Over at the Envirohistory blog is my article on The Soviet whaling industry and the end of whaling in New Zealand. In short, post-World War II, New Zealand whalers were taking about 100 humpback whales per year, the huge Soviet fleets cruised past in 1960 & 1961, took 25,000, and that was the end of whaling in New Zealand.
A random topic, I know, prompted by reading a translated memoir of a Soviet whaling scientist, reprinted in a dusty copy of Marine Fisheries Review found in a pile at the back of someone else’s office. If you want a moral from this tale, here’s three:
1) Short term industry goals – whaling industries the world over were free to destroy their own resource base, to the point where the industry drove itself to the brink of extinction.

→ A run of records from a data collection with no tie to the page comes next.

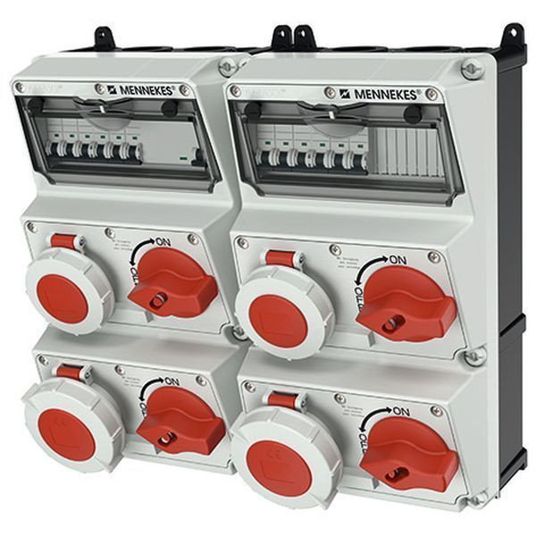 Leitungseinführung/Anschlussmöglichkeit: je 2 M 40 oben und unten (verschlossen) je 2 M 20 oben und unten (verschlossen) Klemme für2 Leitungen bis 5 x 25 mm² MENNEKES Steckdosen-Kombination AMAXX anschlussfertig verdrahtet Schutzart IP 67 Gehaeuse: 2 AMAPLAST-Gehaeuse 390x225 mm (HxB) plombierbar, mit Aussen- u. Innenbefestigung Unterteil schwarz Oberteil elektrograu RAL 7035 seitlich anscharniert mit Doppelgewinde-Deckelschrauben Absicherung auf vorziehbarer Tragschiene unter transparenter Betaetigungsklappe nach unten oeffnend und mittels Vorhaengeschloss abschliessbar Steckdosen mit generell schraeger Steckrichtung Bestueckung/Absicherung: Gehaeuse links Pos.01 1 CEE-Steckdose 16A 5p 400V abschaltbar, mit mechanischer DUO-Verriegelung 1 LS-Schalter 16A 3p C Pos.02 1 CEE-Steckdose 32A 5p 400V abschaltbar, mit mechanischer DUO-Verriegelung 1 LS-Schalter 32A 3p C Gehaeuse rechts Pos.03 1 CEE-Steckdose 16A 5p 400V abschaltbar, mit mechanischer DUO-Verriegelung 1 LS-Schalter 16A 3p C Pos.04 1 CEE-Steckdose 32A 5p 400V abschaltbar, mit mechanischer DUO-Verriegelung 1 LS-Schalter 32A 3p C Pos.01-04 1 FI-Schutzschalter 63A 4p IFN=0,03A Leitungseinfuehrung/Anschlussmoeglichkeit: je 2 M 40 oben und unten (verschlossen) je 2 M 20 oben und unten (verschlossen) Klemme fuer 2 Leitungen bis 5 x 25 mm²
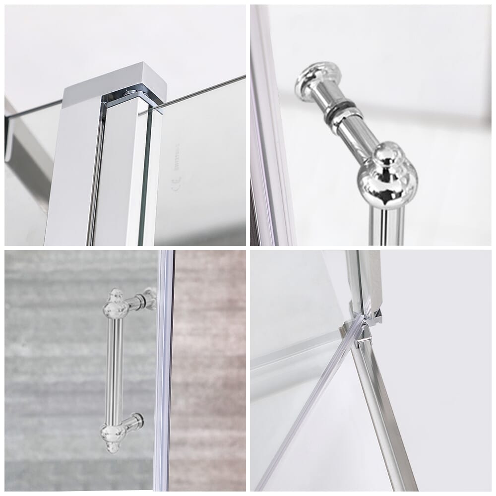 Con un design senza cornice per migliorare il senso dello spazio e una tradizionale maniglia cromata per un tocco classico, questa porta doccia battente utilizza un vetro temperato da 6mm per un'eccellente resistenza e durabilità. Misura 1950mm di altezza, contribuendo a contenere più schizzi della doccia.
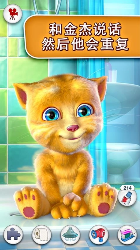 1、与金杰对话:对他说话,他会用他那可爱的声音重复你说过的话。
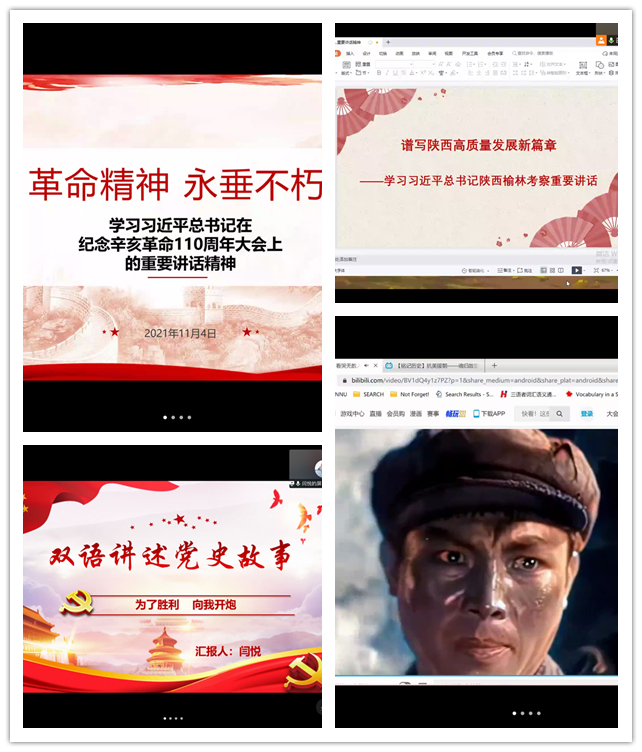 2021年11月4日,76net必赢官网手机版研究生第二党支部于腾讯会议线上召开双语讲述党史故事主题党日活动,出席活动的有吕敏宏院长及研究生第二党支部全体成员。会议由支部书记邵小玲主持。
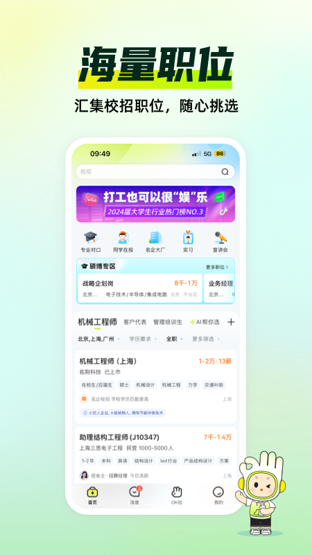 应届生求职app是一款专为大学应届毕业生及在校生设计的招聘求职服务应用。该软件提供了名企校园招聘信息的实时更新,准确、全面地帮助用户掌握校园招聘动态。此外,APP还集成了校园招聘、名企实习、宣讲会、招聘会信息、职业测评、求职资讯和就业辅导等丰富内容,使用户能够及时了解各种实习和招聘信息,参与校园宣讲活动,获取更多实用的求职知识和技巧。同时,贴心的订阅功能让用户可以一键关注心仪的企业,避免因消息延迟而错失好的工作机会。
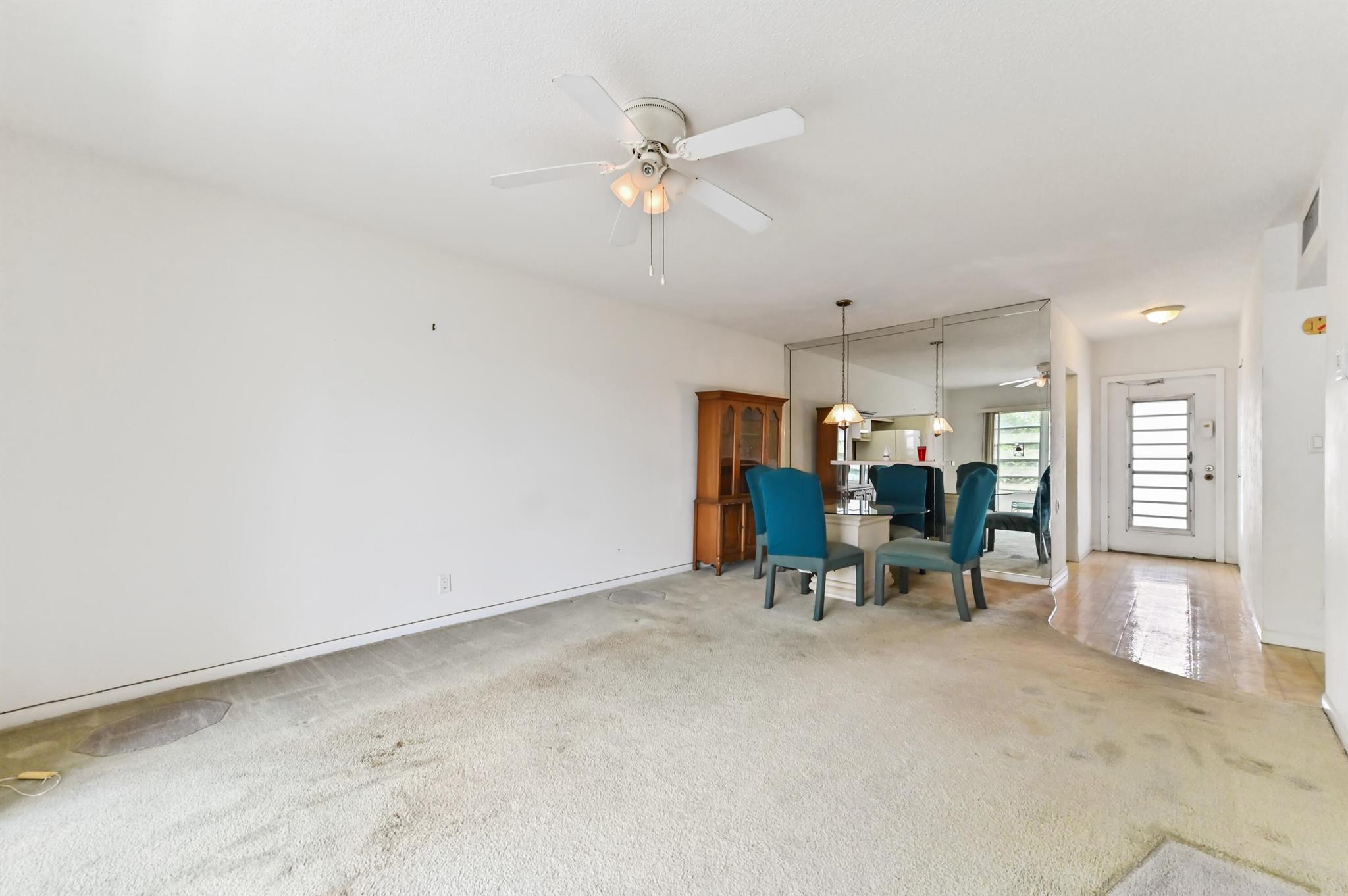 Welcome to this inviting 2-bedroom, 2-bathroom upper-level condo located in the desirable 55+ community of Lauderhill East. This cozy unit offers a functional galley-style kitchen, perfect for preparing your favorite meals, and a combined living and dining area that provides a cozy space for everyday living or entertaining. Plush carpeting flows throughout the living spaces, creating a soft and comfortable atmosphere.
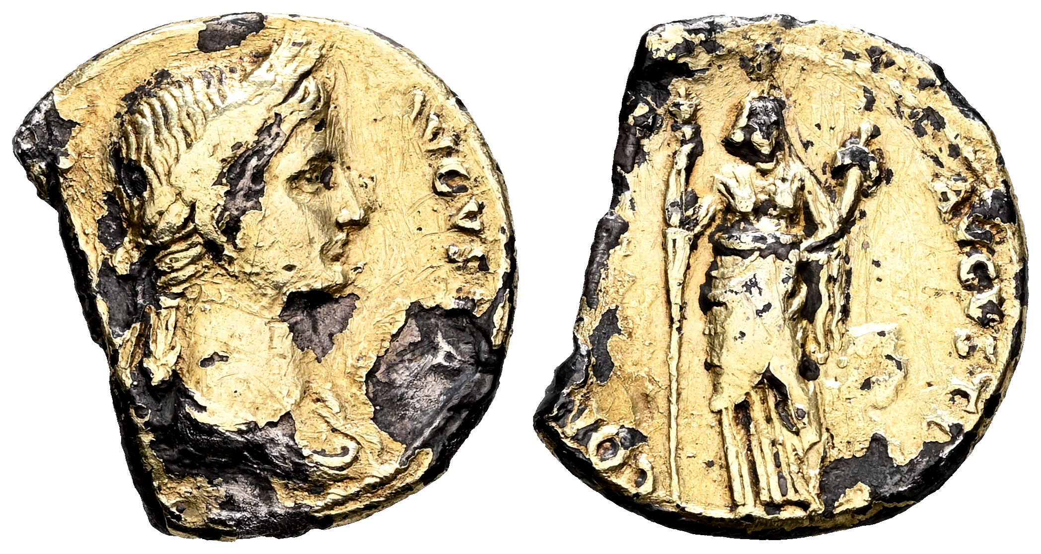 Antonia. Áureo forrado. 41-45 d.C. Roma. (Ric-I 65). (Bmcre-109). (Tesorillo-Antonia 1, mismo ejemplar). Anv.: (ANTONIA) AVGVSTA. Busto drapeado a la derecha, con corona de espigas. Rev.: CON(STANTIAE) AVGVSTI. Antonia en pie mirando de frente, sosteniendo una antorcha larga y una cornucopia. Ag/Au. 3,19 g. Rara. Ejemplar publicado en la revista ARSE (1985. pp. 519-520) por D. Valentín Cabrera Fombuena. Ex J. Vico 108 (09/06/2005), lote 315. Conserva la etiqueta original. MBC-. Est...300,00.

2) Ineffective regulation – for most whale species, hunting was only banned after the species was so rare that it was no longer viable to hunt. The industry was able to resist regulation until there was almost no industry.
3) Shifting baselines – what is considered a healthy ecosystem (and a viable resource) changes over time. There used to be enough whales in the three miles of sea between Kapiti Island and Param that you could catch them from row-boats, enough to make a business that employed two thousand people. Of course, that was in 1820, and we’ve forgotten, or become used to, the rareness of whales, fishes, and pretty much every form of megafauna. Fishing in the North Atlantic is much the same, with prettier graphics in the Guardian.